The movie was entertaining, at least, taking the viewer all over the world*, from warehouses labeled “Berlin” to warehouses labeled “Shanghai,” all while having the extreme pleasure of getting to watch Tom Cruise run like a woman. There’s something just vaguely not convincing about Tom Cruise’s attempts to portray an action hero. When he yells at people to move or get out or whatever, he sounds about 14 years old, which is not really as, well, commanding as it should be. If a little dude came running out at you, flailing his arms in a distinctly unmanly fashion, telling you to “MOVE NOW BEFORE THE BOMB GOES OFF” in a cracking middle school type voice, would you move?
There’s also a section of dubious veracity in which Tom Cruise, wearing a latex mask, uses a device to simulate the voice of the person he’s impersonating.
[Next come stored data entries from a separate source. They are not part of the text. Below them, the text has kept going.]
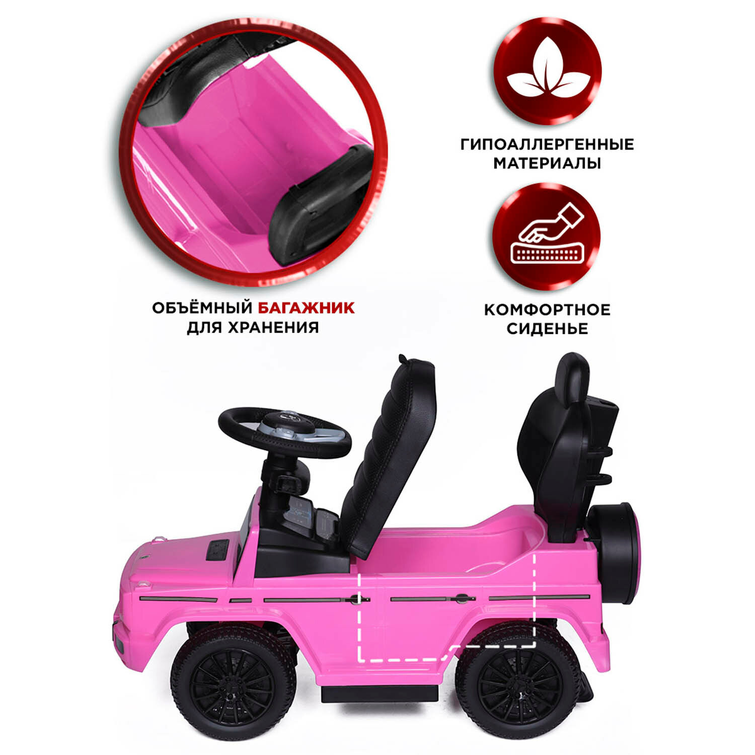 СохранитьКаталка детская Mercedes-Benz G350d BabyCare (с родительской ручкой, кожаное сиденье), розовый интересное:
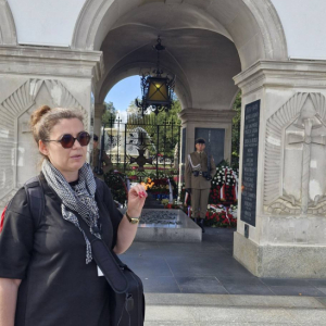Następnie udaliśmy się do Grobu Nieznanego Żołnierza, będącego pamiątką i hołdem żołnierzom poległym w czasie I wojny światowej we Francji. Tam poznaliśmy jego historię, a także z zainteresowaniem podglądaliśmy żołnierzy z Batalionu Reprezentacyjnego Wojska Polskiego, pełniących w tym czasie honorową wartę przed Grobem.
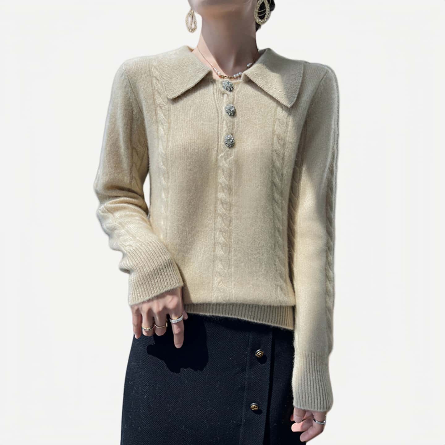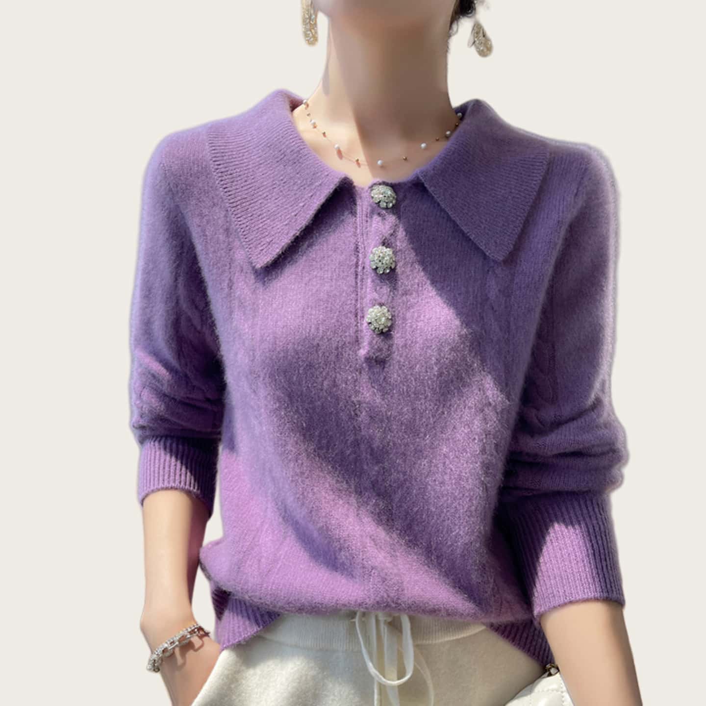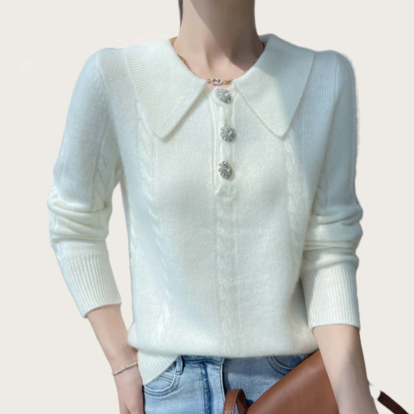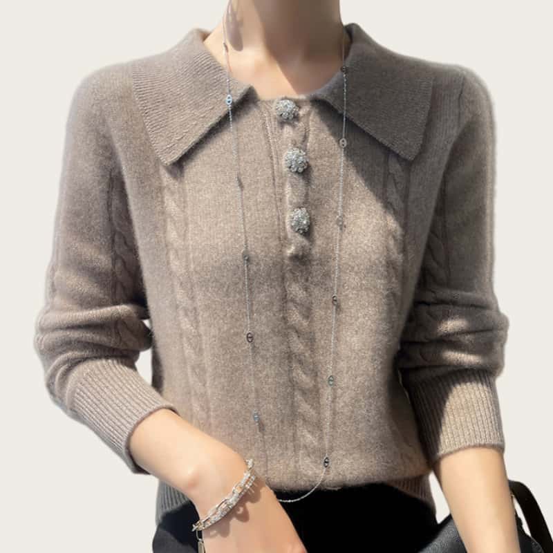 2025早秋新款韩版宽松翻领套头毛衣女针织衫上衣女百搭Polo领长袖
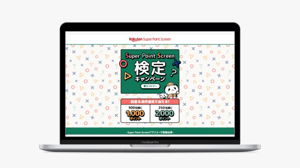 楽天が提供する Super Point Screen による、ポイント獲得を兼ねた検定キャンペーンです。アプリを通じてクイズに挑戦し、条件を満たすことで抽選で楽天ポイントが当たるという、「楽しみ × ポイ活」の掛け合わせ型企画です。
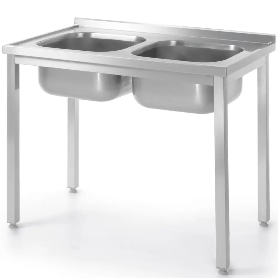 Kod producenta: 817049Zlewozmywak marki Hendi sprawdzi się w restauracjach, barach, hotelach, szpitalach czy laboratoriach. Jego wytrzymała konstrukcja wykonana została ze stali nierdzewnej AISI 430. Przedmiot posiada dwukomorowy zlew, otwory na syfon i baterię. Komora zlewu tłoczona została z jednego arkusza stali i wspawana bezszczelinowo w blat. Standardowy otwór w dnie syfonu ma średnicę 50 mm, a miejsce na zamontowanie baterii - 30 mm. Rant zabezpieczający ścianę przed zabrudzeniem ma 40 mm. Nogi wykonane zostały z profili 40 x 40 mm. Skręcana konstrukcja mebla umożliwia jego złożenie, magazynowanie oraz przewożenie. Stopki są regulowane w zakresie +25/-5 mm. Dopuszczalne obciążenie blatu wynosi ok. 70 kg/m2.Cechy produktu:
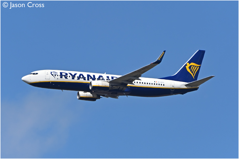 Ryanair Boeing 737 EI-EFC on final approach to East Midlands Airport runway 27 with a flight from Chania. Photo taken from Normanton Hills near East Leake. Date: 3 August 2022 Manipulation Notes: None
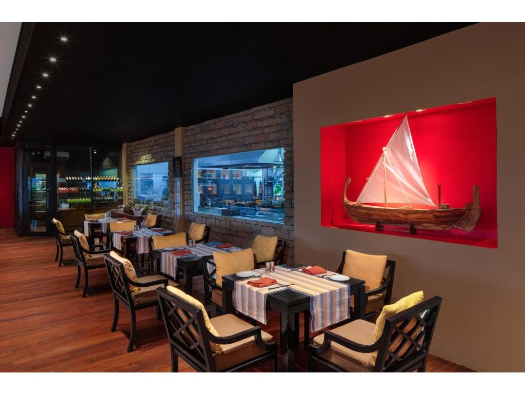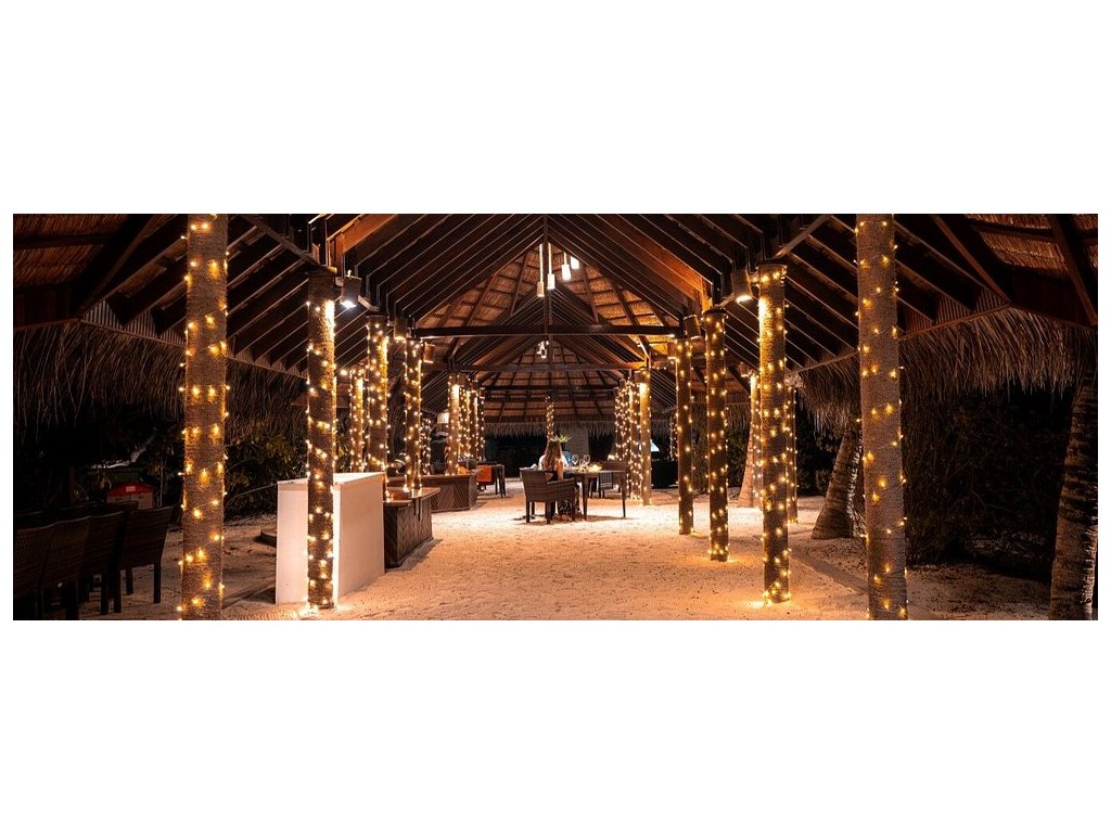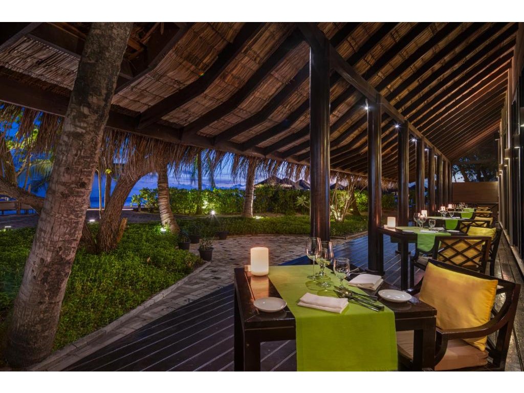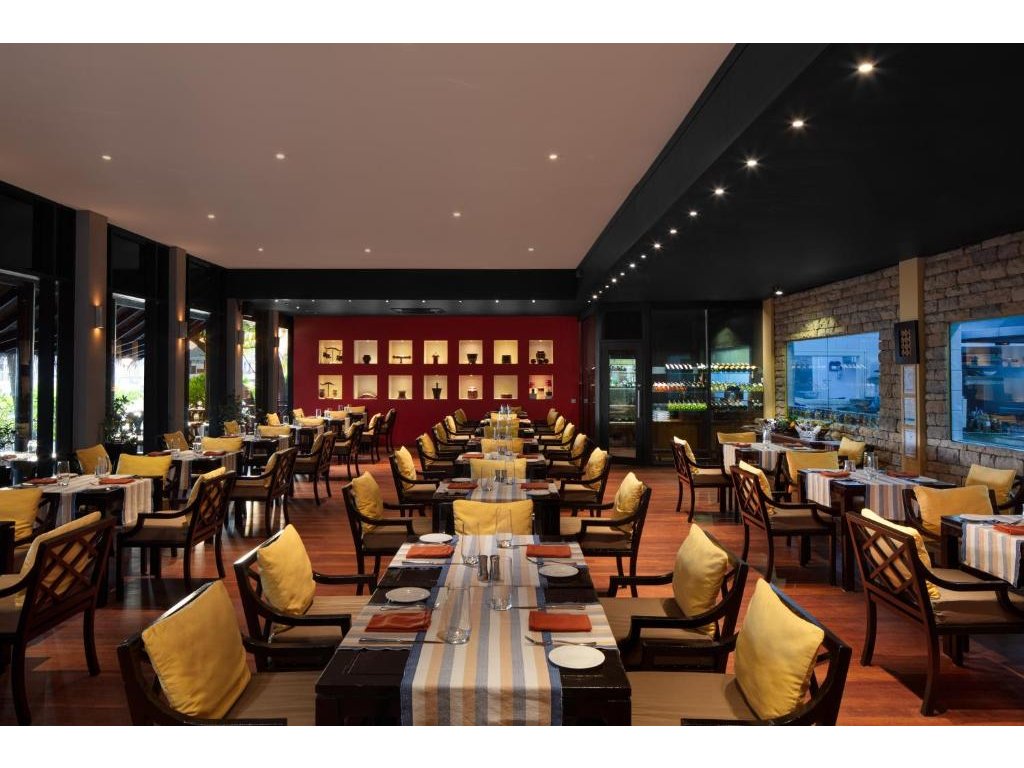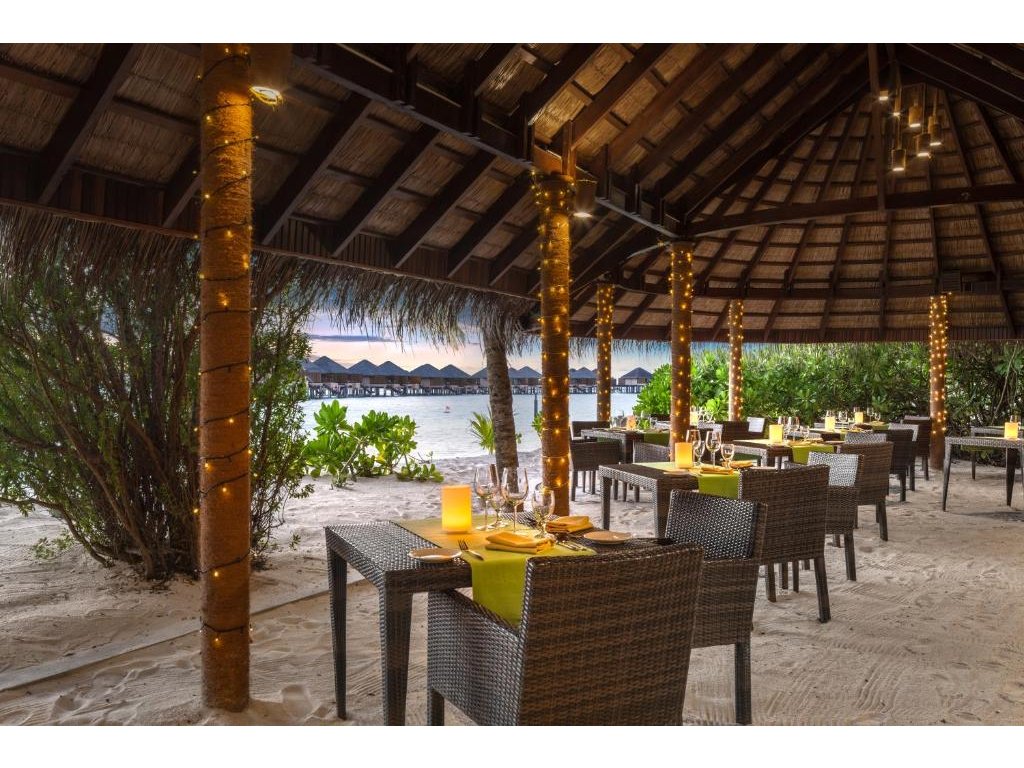 Hlavní restaurace nabízí mezinárodní kuchyni, čerstvé mořské plody a tematické večery. Možnost večeře na pláži nebo v soukromí vily.
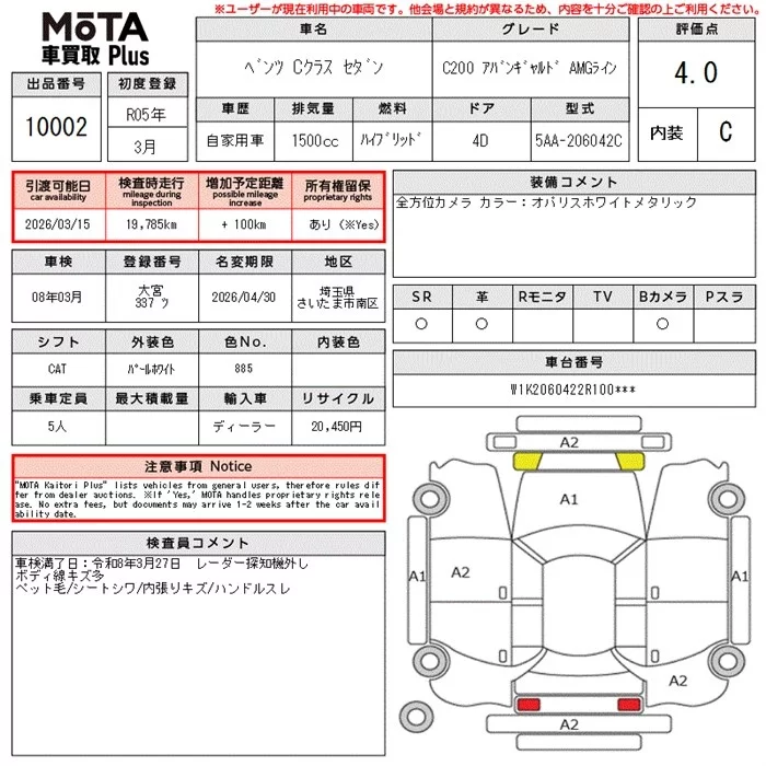 Mercedes-Benz C CLASS с аукциона Японии MOTA Kuruma Kaitori Plus лот № 10002

This scene is very convincing because his studly technical expert is using a real computer to simulate the voice, including the need of at least 2 minutes to “compile” the voice file, which is actually pretty realistic in that it took any time at all. If they REALLY wanted to be convincing, however, the scene would have gone like this:
TOM CRUISE: We’ve got company, Studly Technical Expert! Are we ready?
S.T.E.: No, we are not ready! I need an estimated 2 minutes to compile!
TOM CRUISE: He’s coming!
(Suspicious bad guy enters room)
SUSPICIOUS BAD GUY: Everything okay, sir?
TOM CRUISE: *cough cough*
S.T.E.: 5 minutes remaining!
TOM CRUISE: *cough cough*
SUSPICIOUS BAD GUY: Need a lozenge, sir?
S.T.E.: 34 minutes remaining!
TOM CRUISE: *COUGH COUGH*
(shot of S.T.E. playing solitaire)
SUSPICIOUS BAD GUY: ??
TOM CRUISE: (shoots bad guy)
S.T.E.: Next time I am totally disabling Norton’s.
But the movie was still pretty fun anyway, and my favorite part is kind of a spoiler, so if you don’t want to know I suggest you stop reading because this is a SPOILER INVOLVING HOW NONE OF THE SIDEKICKS DIE ALERT coming up. For your internet convenience, I have separated the spoiler from the rest of the text with the following spacing lines:
** SPOILER INVOLVING HOW NONE OF THE SIDEKICKS DIE ALERT **
** SPOILER INVOLVING HOW NONE OF THE SIDEKICKS DIE ALERT **
** SPOILER INVOLVING HOW NONE OF THE SIDEKICKS DIE ALERT **
** SPOILER INVOLVING HOW NONE OF THE SIDEKICKS DIE ALERT **
So it turns out, and this will really REALLY shock you, that none of the sidekicks die.
** END SPOILER ALERT **
In most action movies, you know perfectly well that the hero, the love interest, the black guy, and the dog are totally untouchable, so you get to worry about the fate of all the white male extras, who are expendable. Well, in this movie, for perhaps the first time ever, they all survive! Isn’t that amazing?
So I give this movie 2 thumbs up. Quite the hurrah, with hopefully many more hurrahs to come. With luck, some of them might even be in C-File form. Hope you’re having a fun, soy-free summer!